In the years following its release, "Like We Used To" became one of the most frequently discussed songs in the group's catalog, cited by fans as a defining example of the band's ability to distill complex emotional experiences into accessible, melodically compelling pop-rock compositions. The song's YouTube presence, accumulating approximately 19 million views over subsequent years, confirmed that it had found an audience considerably larger than its brief Hot 100 presence would suggest, spreading through digital platforms and word-of-mouth recommendation in the manner characteristic of fanbase-driven alternative pop acts.

A Rocket to the Moon disbanded in 2014, with Santino subsequently pursuing a solo career. In the context of the band's overall output, "Like We Used To" stands as their most commercially successful and widely known track, representing the peak of their mainstream visibility and the most complete realization of their pop-rock aesthetic.

02 Song Meaning

Like We Used To: Themes, Meaning, and Cultural Reception

"Like We Used To" is a song about romantic loss and the particular grief of watching a former partner move on with someone else. A Rocket to the Moon constructs the song from the perspective of a narrator who observes the person they once loved in a new relationship and confronts the painful recognition that the intimacy they shared has been replaced. The title phrase names the central longing: not necessarily to possess the person again, but to recover the specific quality of connection that once existed between them.

The emotional core of the song lies in its treatment of jealousy and nostalgia as intertwined experiences. The narrator does not simply miss the former partner in the abstract; they miss what those two people were capable of being together, the version of the relationship that existed before its end. This distinction between missing a person and missing a shared experience is one of the song's more nuanced emotional observations, elevating it above simpler romantic loss narratives.

The song's lyrical approach is honest and direct without being melodramatic. Nick Santino delivers the perspective of a narrator who is capable of acknowledging pain without collapsing into self-pity, and this emotional steadiness is one of the reasons the song resonated with its audience. Young listeners in particular responded to the authenticity of the emotional scenario, which was specific enough to feel genuine and universal enough to map onto a wide range of personal experiences. The scenario of witnessing a former partner's happiness with someone new is one of the most common and painful features of romantic life, and the song articulates it with unusual precision.

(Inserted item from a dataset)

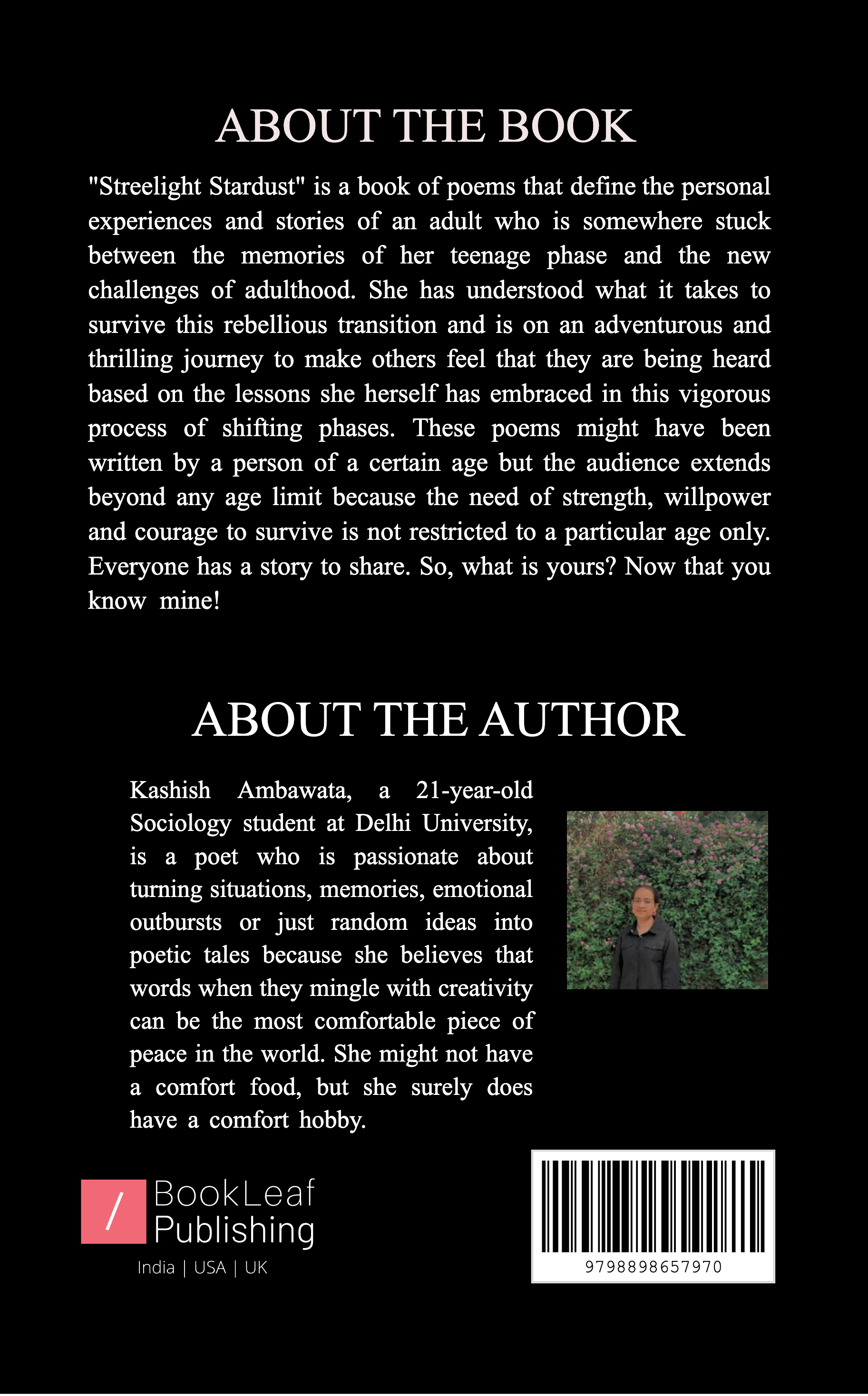 "Streelight Stardust" is a book of poems that define the personal experiences and stories of an adult who is somewhere stuck between the memories of her teenage phase and the new challenges of adulthood. She has understood what it takes to survive this rebellious transition and is on an adventurous and thrilling journey to make others feel that they are being heard based on the lessons she herself has embraced in this vigorous process of shifting phases. These poems might have been written by a person of a certain age but the audience extends beyond any age limit because the need of strength, willpower and courage to survive is not restricted to a particular age only.

Culturally, "Like We Used To" arrived in a period when pop-rock and emo-influenced music was finding new audiences through social media and streaming platforms, even as the format's commercial infrastructure was changing. The song's emotional directness and melodic accessibility made it well-suited to the kind of personal sharing and playlist curation that characterized music discovery on platforms like YouTube and Last.fm in 2010. Listeners who encountered the song in those contexts often did so through recommendation rather than radio exposure, which contributed to its slow-building but sustained audience.

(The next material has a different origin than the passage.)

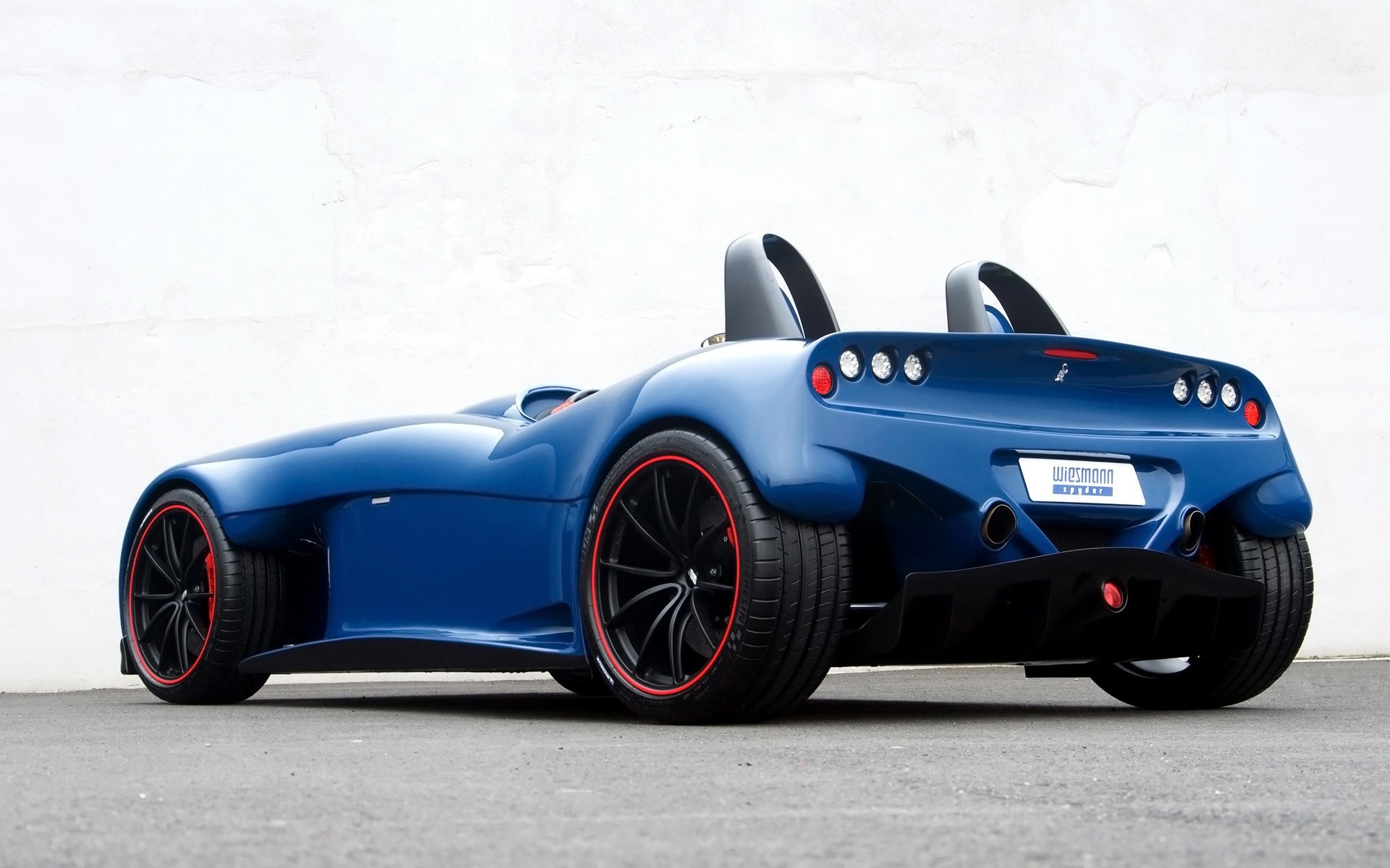 Deportivo de carreras azul sobre fondo gris

The song has also been read as exemplifying the emotional economy of the pop-punk and pop-rock tradition from which A Rocket to the Moon emerged. In that tradition, vulnerability is not a weakness but a stylistic and emotional commitment, and the ability to articulate private pain in public and musical terms is treated as a form of authenticity. "Like We Used To" fulfills these generic expectations while bringing enough melodic specificity to distinguish itself from less memorable exercises in the form.

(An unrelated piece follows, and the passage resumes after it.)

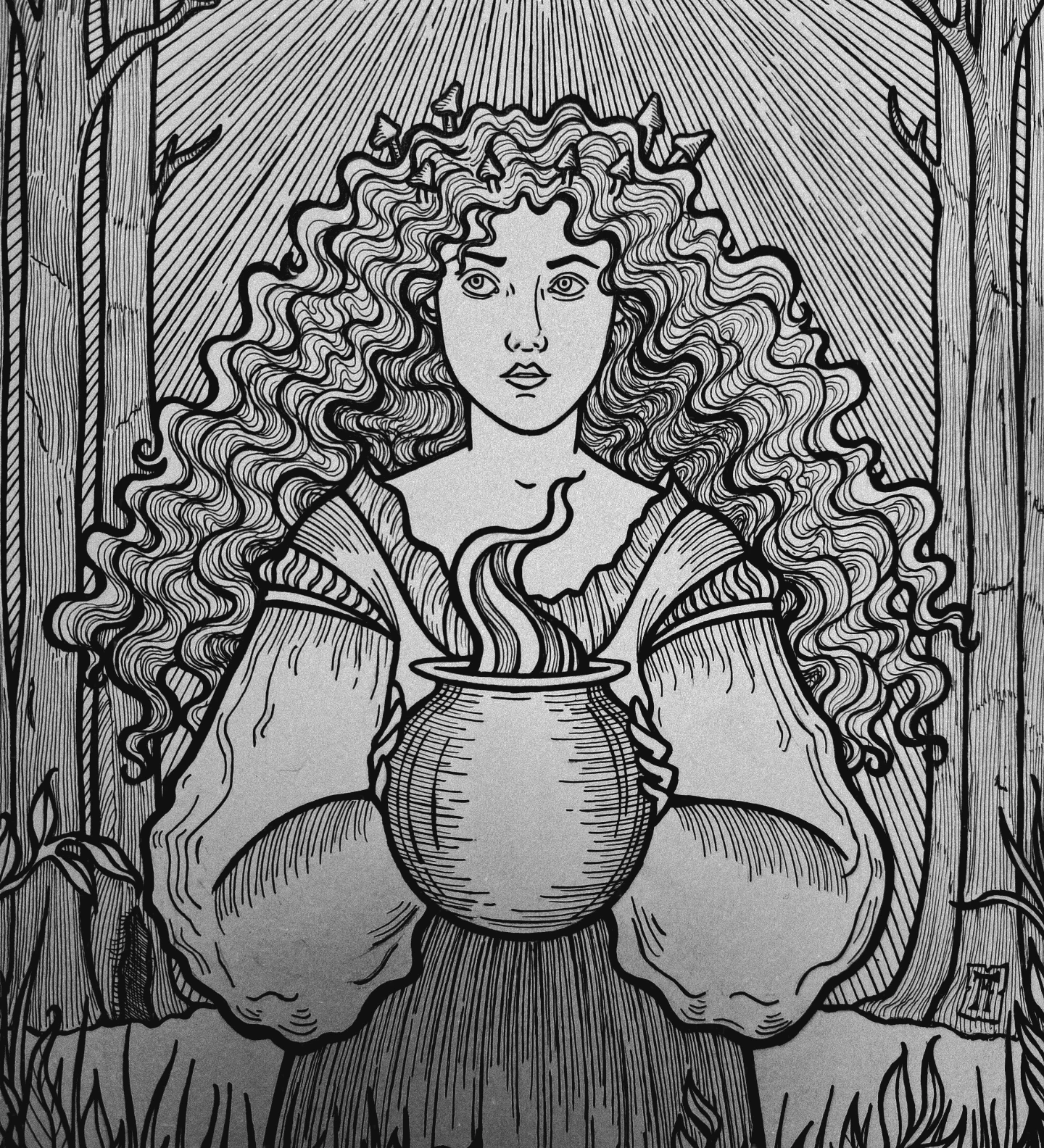 Loar (lune en breton). A la lueur de la lune, la jeune fille marchait dans les bois, cherchant le lieu le plus propice pour y déposer son chaudron fumant et commencer à murmurer ses incantations…

The song's lasting cultural presence, evidenced by its substantial YouTube view count accumulated over more than a decade after release, reflects its alignment with a specific but widespread emotional experience that does not age out of relevance. Songs about watching former loves move forward have a permanent emotional currency, and this one's combination of melodic strength and lyrical specificity has helped it maintain visibility long after the band's active period ended.